Vor einer Woche verkündete BILD exklusiv, wie schlecht es um die Löwen bestellt ist. Seither wurde nach einer Lösung gesucht, wie man den Absturz noch verhindern könnte. Von Dienstag auf Mittwoch diskutierten und stritten die Anwälte auf beiden Seiten remote bis morgens um drei Uhr. Bis Mittwoch, 14.30 Uhr, wurden rund 150 E-Mails hin- und hergeschickt. Auf beiden Seiten waren nach BILD-Informationen auch Insolvenzrechtsexperten vor Ort.

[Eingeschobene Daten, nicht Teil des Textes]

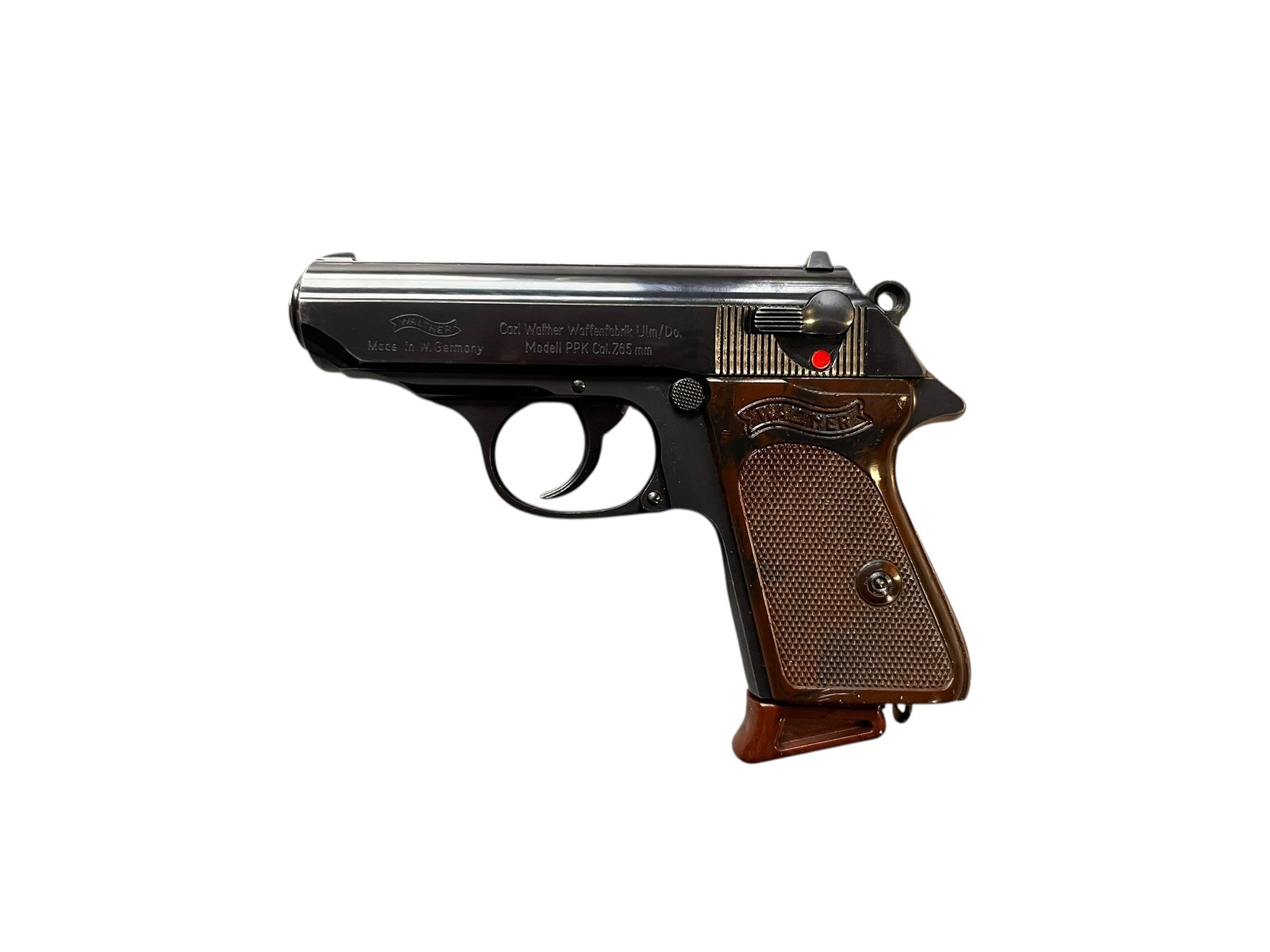 Walther PPK to legenda, której nie trzeba przedstawiać. Ten konkretny egzemplarz, wyprodukowany w 1973 roku w Ulm, to kwintesencja niemieckiej precyzji. Jest w bardzo dobrym stanie, a co najważniejsze – jest to kompletny zestaw z oryginalnym pudełkiem i dodatkowym magazynkiem, co czyni go prawdziwą gratką dla każdego kolekcjonera.

Am Ende steht nun fest: Die einst so stolzen Löwen sind wieder im Amateurbereich gelandet. Und jetzt geht das Zittern weiter: Denn noch ist überhaupt nicht klar, ob Ismaik das benötigte Geld für die Regionalliga (rund 1 Million) bereitstellt. Bleibt auch das aus, droht die Insolvenz. Was erwartet die Löwen nun? Statt Düsseldorf, Saarbrücken oder Rostock geht es über die Dörfer in Bayern (Buchbach, Vilzing, Aubstadt). Wenigstens gibt’s wieder ein Derby – allerdings nur gegen den FC Bayern II.

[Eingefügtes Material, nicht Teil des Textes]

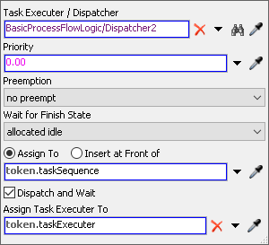 - 以打开菜单。选择BasicProcessFlowLogic/Dispatcher2。将创建装卸任务活动中的其余选项保留为默认值。单击从 Queue2 装载物品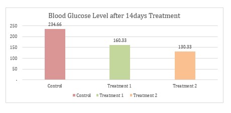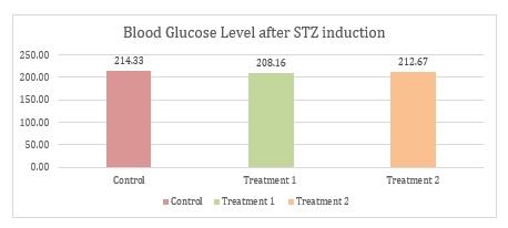 Blood glucose levels in the mice were assessed following five days of STZ induction and subsequent administration of Tulsi ethanolic extract for 14 days [18]. The measurements of blood glucose were performed utilizing a Nesco Glucose Test, with blood samples obtained from the tail vein.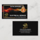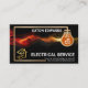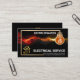 Un falso marco de circuito eléctrico de cobre está alimentado por un rayo eléctrico rojo que ilumina una bombilla con herramientas de reparación dentro. Justo al lado de la bombilla encontrarás tu prestigioso nombre. Cerca de la base de la tarjeta se encuentran el nombre de su negocio y los datos de contacto con un logotipo de electricista "carta-e" dorado que puede usar. Al dorso, el logotipo de la carta dorada e está en la parte superior seguido de su prestigioso nombre, detalles de contacto y una opción de lema para dar a conocer sus servicios. Una gran tarjeta creativa para que los electricistas la usen.

Größte Hoffnung des Vereins: Dass endlich ein Käufer für die Anteile von Ismaik gefunden wird. Seit rund einem Jahr versucht er, seine 60 Prozent (49 davon stimmberechtigt) loszuwerden – bisher sind alle Verhandlungen geplatzt. Im Juli 2025 war man bereits beim Notar, doch im Nachgang zahlte ‚Geschäftsmann aus der Schweiz‘ nicht. Zuletzt lag der Preis bei rund 20 Millionen Euro. Diese Summe wird in der 4. Liga nicht mehr zu halten sein. Auch Ex-Nationalspieler und bekennender Löwen-Fan, Thomas Hitzlsperger (44) bekundete zuletzt im BR, Interesse, doch stellte fest: „Dass es bei Sechzig, so wie sie aktuell dastehen, nicht auf allen Ebenen ein Miteinander ist, dass es sehr, sehr kompliziert ist. Das Interesse ist da, das muss aber auch insgesamt passen, momentan ruht es erstmal. Schauen wir, wie es weitergeht.“

Sportlich im Amateurbereich …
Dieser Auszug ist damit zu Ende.